Le FC Barcelone quitte la Ligue des champions avec un goût amer — celui de l’injustice. Dans une demi-finale retour tendue face à l’Inter, Simon Marciniak a une nouvelle fois fait parler de lui… pour les mauvaises raisons. Et comme souvent, ce sont les Catalans qui en font les frais de cet arbitre étiqueté comme un  » ami du Real Madrid »

En première période, le penalty accordé à l’Inter Milan sur un tacle de Cubarsi sur Lautaro parait tres litigieux. Les nombreuses fautes des Interistes sont souvent passées sous silence.
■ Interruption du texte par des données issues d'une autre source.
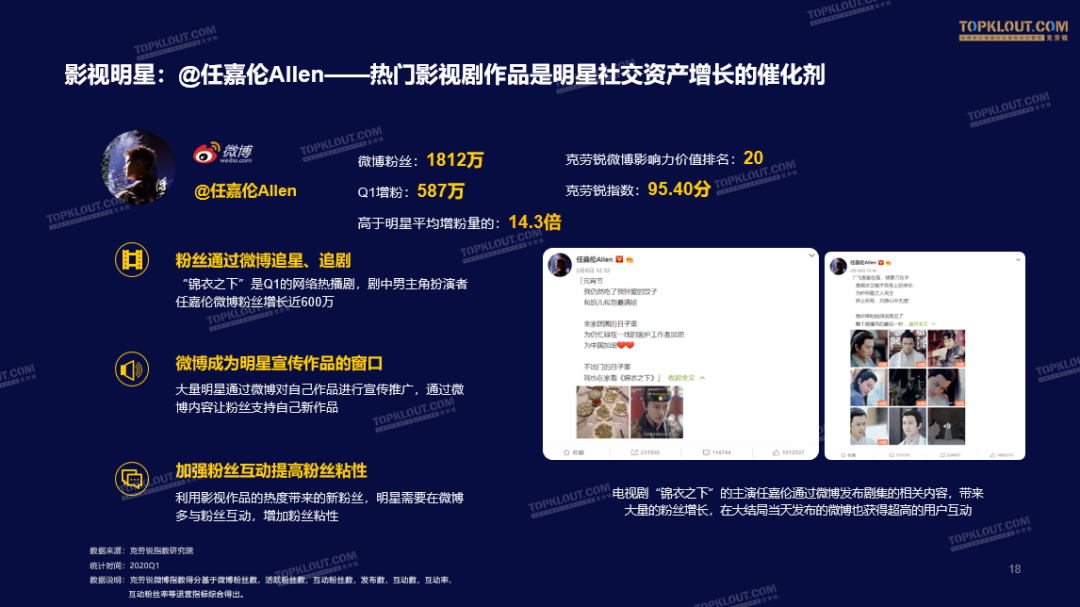 《锦衣之下》是Q1的网络热播剧,剧中男主角扮演者@任嘉伦Allen在Q1微博粉丝增长近600万。任嘉伦也通过微博对自己作品进行宣传推广,通过微博内容让粉丝支持自己新作品。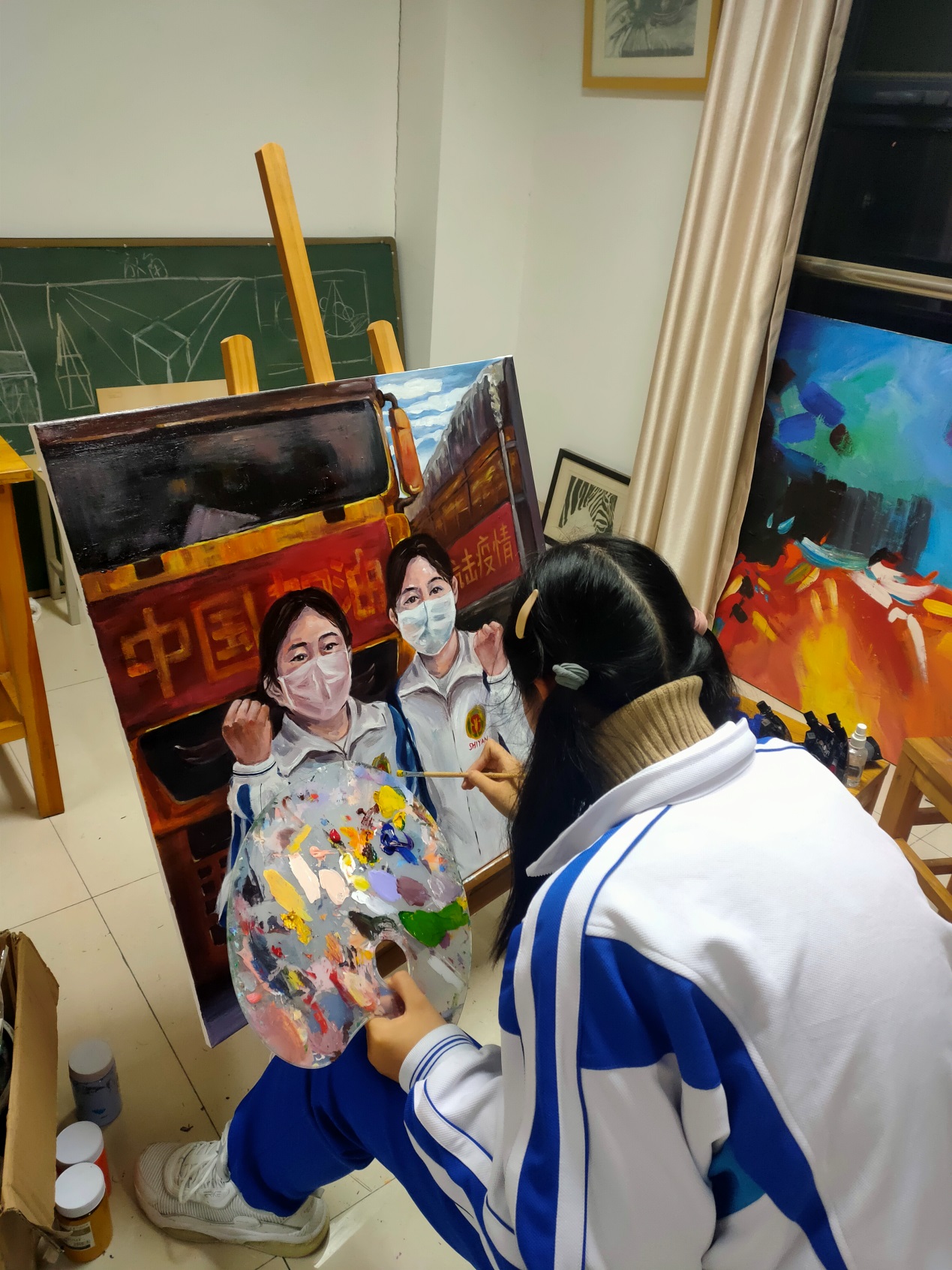 高一52班任昕睿同学的油画作品《中国加油》以身边同学为创作题材,采用油画的形式,展现了青年一代同心抗疫,中国必胜的坚定信心。

Mais le sommet du grotesque de cette demi-finale est arrivé en seconde période : un penalty refusé à Lamine Yamal sur une double faute de Mîkhtarian après un tacle dangereux dans la surface, et, dans la foulée, l’Inter marque sur une action entachée d’une faute de Dumfries sur Marti. Là encore, pas de signal, pas de VAR, pas d’appel. Marciniak laisse jouer.

Ce n’est pas une surprise : on parle ici de l’arbitre qui, la saison dernière, avait sifflé la fin du match Real-Bayern juste après un but valable de De Ligt, annulé à tort pour hors-jeu sans même consulter l’écran. Celui-là même qui, récemment, a invalidé le tir au but de Julián Álvarez pour un « double contact » quasi invisible, offrant un boulevard à l’Atlético.

Et pour compléter le tableau, à la VAR, le célèbre Pol van Boekel et son fidèle assistant Dennis Hingler. Le duo qui, lors de la phase de groupes 2022-23, avait fermé les yeux sur une main flagrante de Dumfries dans la surface à la 92e minute d’un Inter-Barça décisif. Une « erreur » déjà à sens unique. Rebelote ce soir.

Le Barça méritait mieux. Le football méritait mieux. Mais l’UEFA a préféré confier les clés d’une demi-finale à un arbitre au passif lourd, et à une VAR aux absences trop sélectives. Résultat : un match qui restera dans les mémoires pour son niveau de jeu (7-6) sur l’ensemble des deux rencontres, mais qui s’avére etre un « vol » orchestré pour l’ampleur de son injustice.